#### What the exercise asks
Using the data below, print exactly the line with "Guilin’s first mountaintop", the line with "3층거실에는 미닫이 유리문이 있어 소음 등을 막을 수 있습니다.", and every line between them, but none of the pictures.

#### Source records
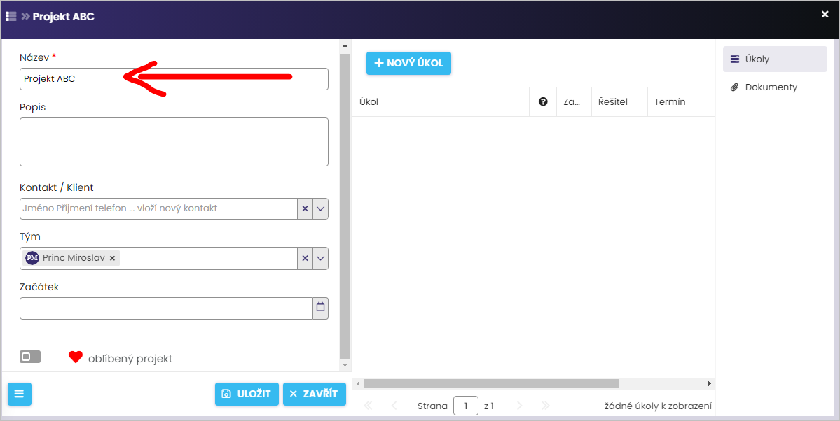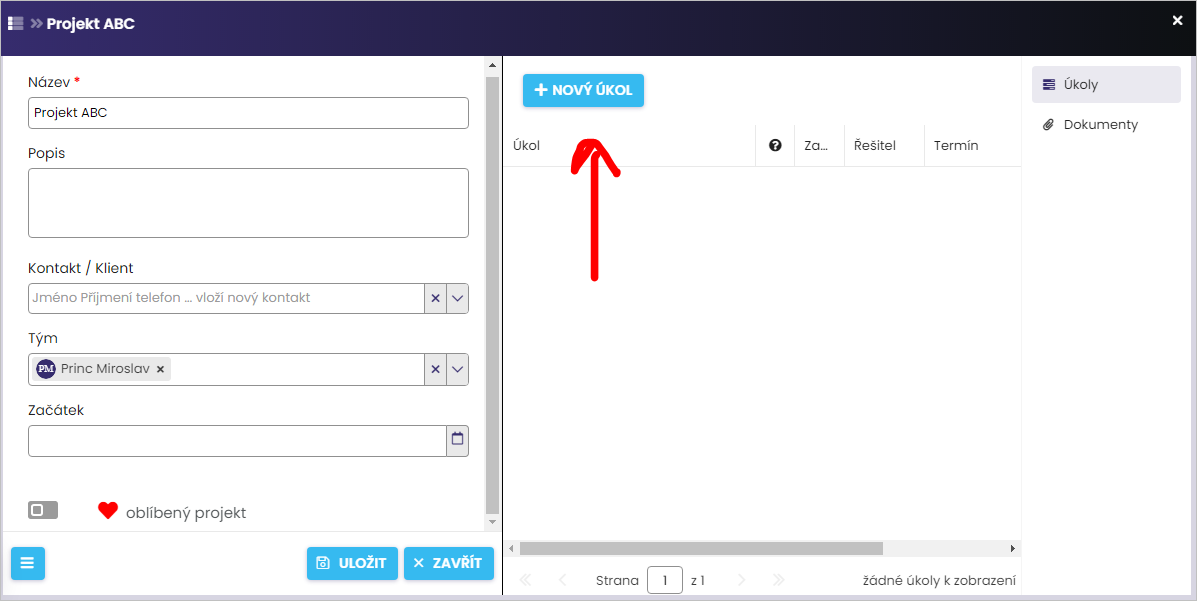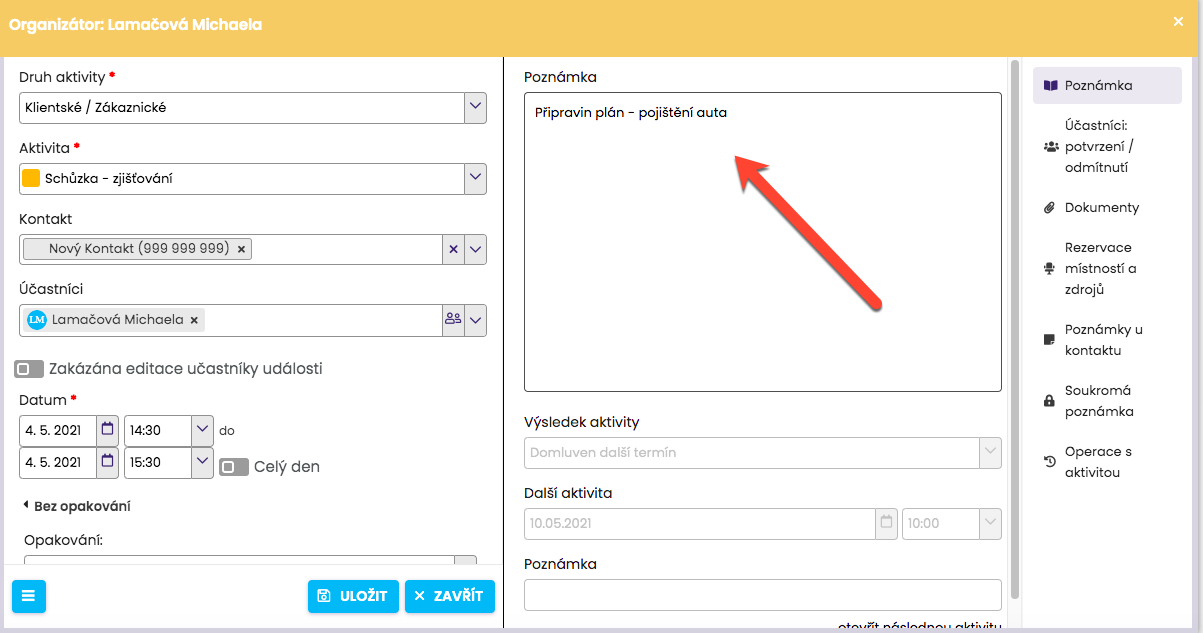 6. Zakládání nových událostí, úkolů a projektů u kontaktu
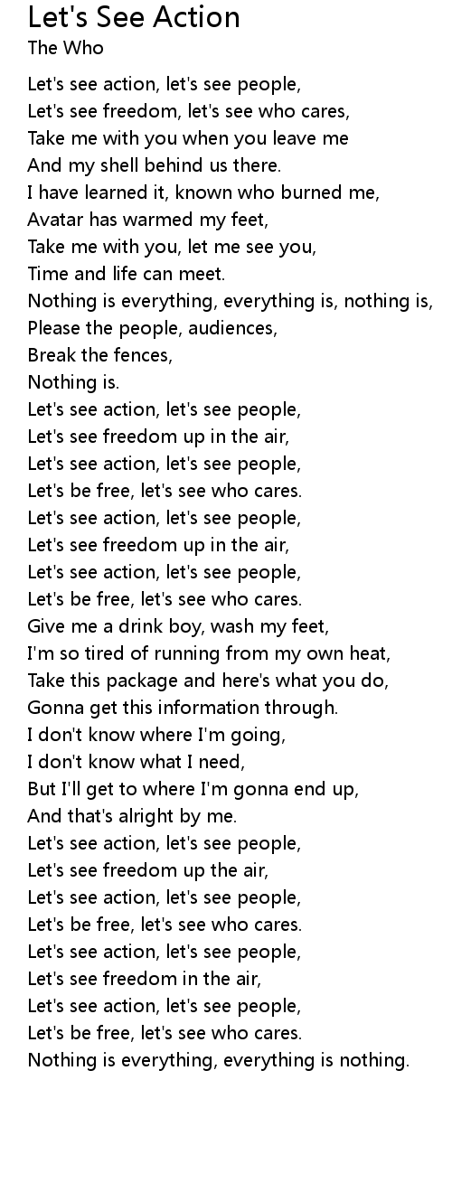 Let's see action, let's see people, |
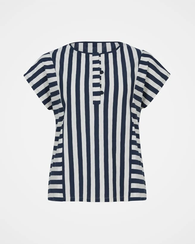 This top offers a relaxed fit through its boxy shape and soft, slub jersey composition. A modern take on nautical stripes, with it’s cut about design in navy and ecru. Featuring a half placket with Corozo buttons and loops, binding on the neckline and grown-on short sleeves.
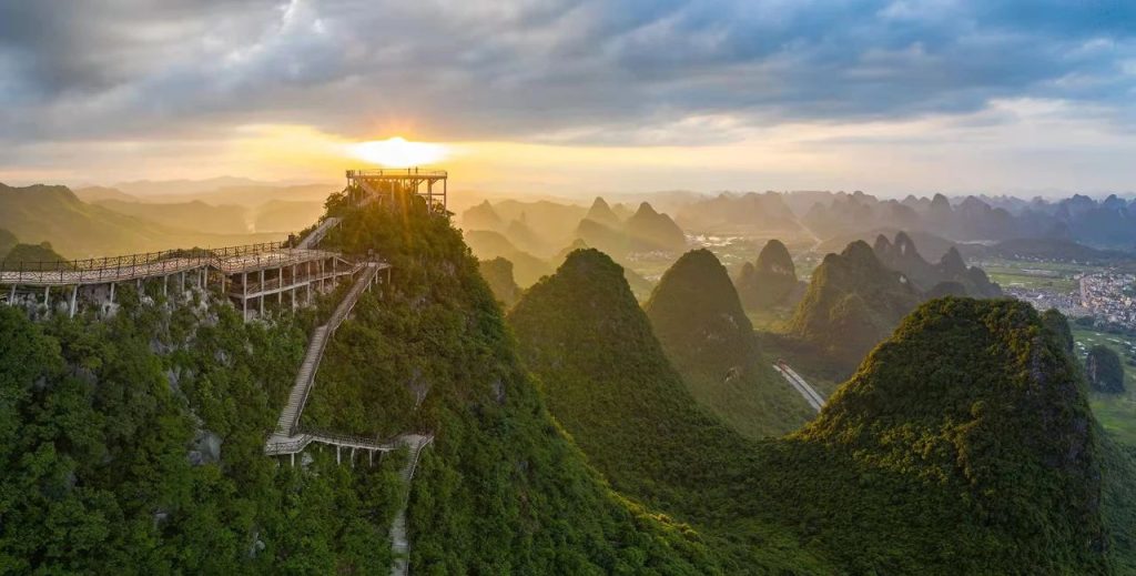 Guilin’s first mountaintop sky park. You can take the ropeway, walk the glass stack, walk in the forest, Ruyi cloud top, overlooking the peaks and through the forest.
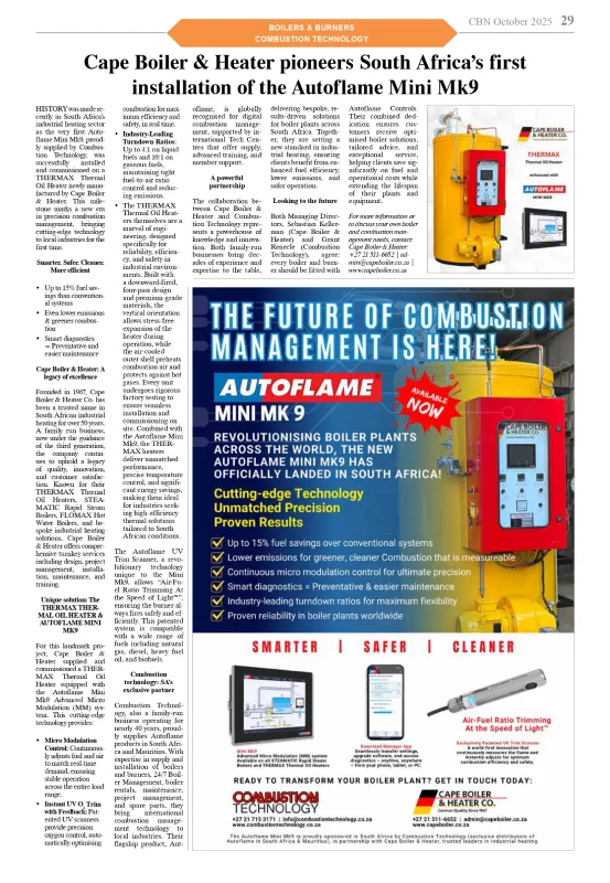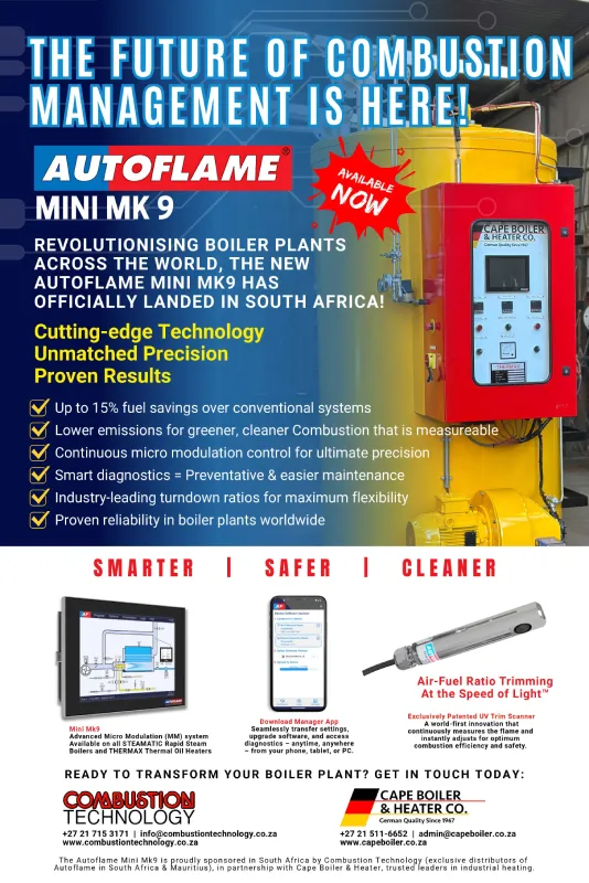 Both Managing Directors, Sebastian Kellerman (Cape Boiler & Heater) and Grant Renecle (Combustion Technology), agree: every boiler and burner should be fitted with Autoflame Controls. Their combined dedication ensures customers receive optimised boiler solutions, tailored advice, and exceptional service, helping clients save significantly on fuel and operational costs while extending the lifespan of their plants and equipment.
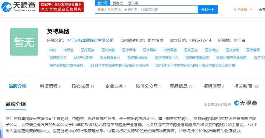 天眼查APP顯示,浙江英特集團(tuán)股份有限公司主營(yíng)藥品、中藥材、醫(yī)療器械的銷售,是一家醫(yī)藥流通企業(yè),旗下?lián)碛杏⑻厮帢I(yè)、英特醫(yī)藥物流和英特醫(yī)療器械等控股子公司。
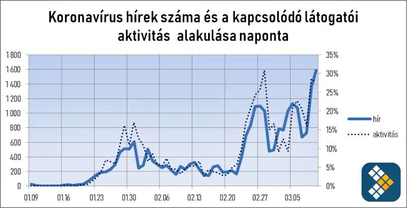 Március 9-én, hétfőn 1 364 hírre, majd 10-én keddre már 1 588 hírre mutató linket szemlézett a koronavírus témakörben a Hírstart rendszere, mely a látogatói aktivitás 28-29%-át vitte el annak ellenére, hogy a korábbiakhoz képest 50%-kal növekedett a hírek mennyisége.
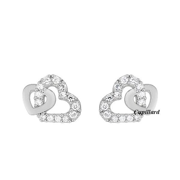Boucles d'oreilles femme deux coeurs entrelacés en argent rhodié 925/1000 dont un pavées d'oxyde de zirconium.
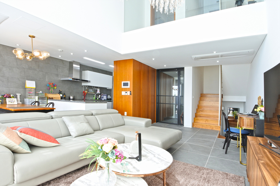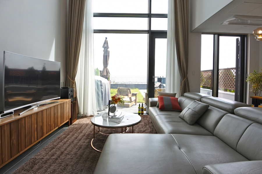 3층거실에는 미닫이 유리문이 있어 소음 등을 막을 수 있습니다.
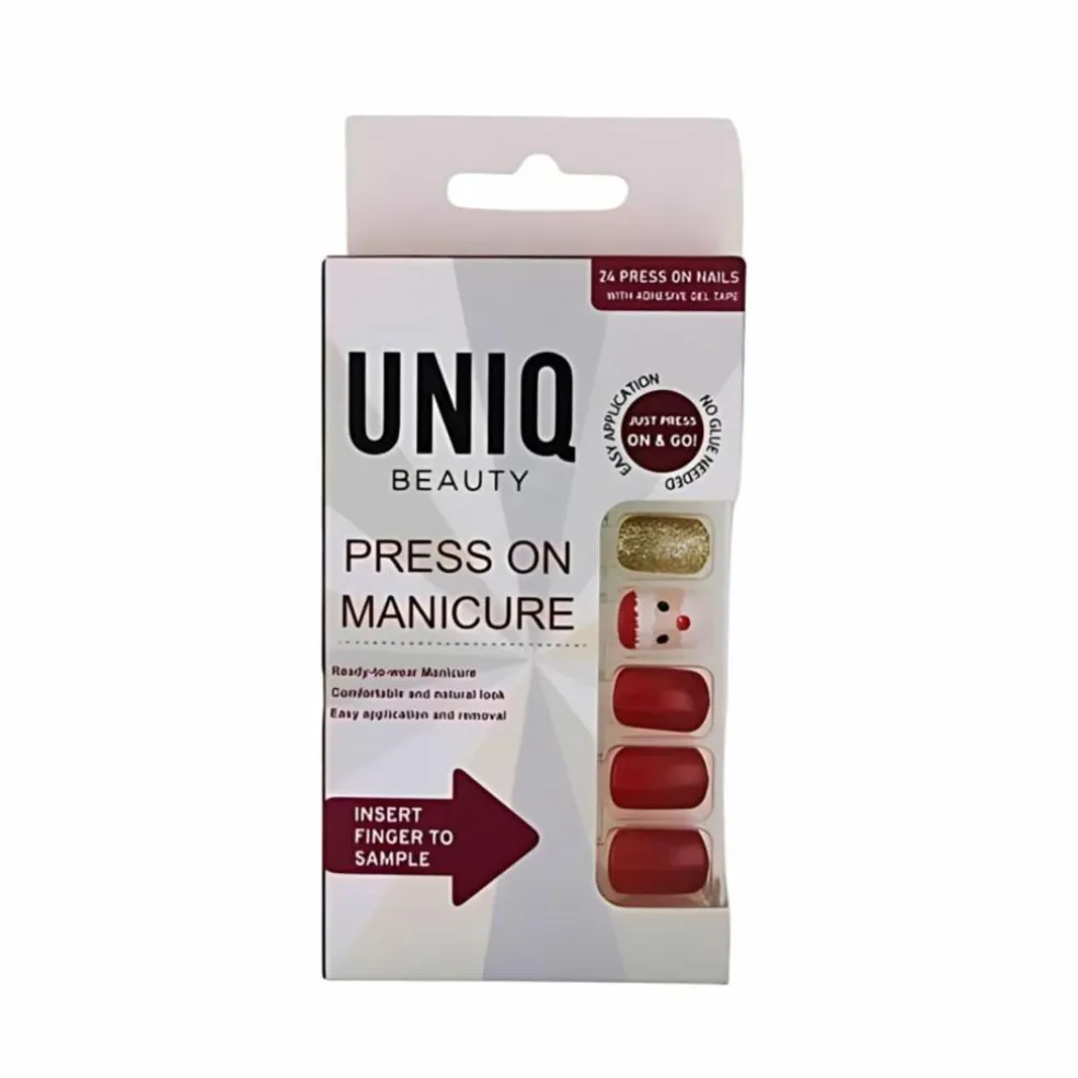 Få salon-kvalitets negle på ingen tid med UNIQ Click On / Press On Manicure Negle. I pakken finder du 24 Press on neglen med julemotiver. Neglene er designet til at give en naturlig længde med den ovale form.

#### Solution
 Guilin’s first mountaintop sky park. You can take the ropeway, walk the glass stack, walk in the forest, Ruyi cloud top, overlooking the peaks and through the forest.
 Both Managing Directors, Sebastian Kellerman (Cape Boiler & Heater) and Grant Renecle (Combustion Technology), agree: every boiler and burner should be fitted with Autoflame Controls. Their combined dedication ensures customers receive optimised boiler solutions, tailored advice, and exceptional service, helping clients save significantly on fuel and operational costs while extending the lifespan of their plants and equipment.
 天眼查APP顯示,浙江英特集團(tuán)股份有限公司主營(yíng)藥品、中藥材、醫(yī)療器械的銷售,是一家醫(yī)藥流通企業(yè),旗下?lián)碛杏⑻厮帢I(yè)、英特醫(yī)藥物流和英特醫(yī)療器械等控股子公司。
 Március 9-én, hétfőn 1 364 hírre, majd 10-én keddre már 1 588 hírre mutató linket szemlézett a koronavírus témakörben a Hírstart rendszere, mely a látogatói aktivitás 28-29%-át vitte el annak ellenére, hogy a korábbiakhoz képest 50%-kal növekedett a hírek mennyisége.
Boucles d'oreilles femme deux coeurs entrelacés en argent rhodié 925/1000 dont un pavées d'oxyde de zirconium.
 3층거실에는 미닫이 유리문이 있어 소음 등을 막을 수 있습니다.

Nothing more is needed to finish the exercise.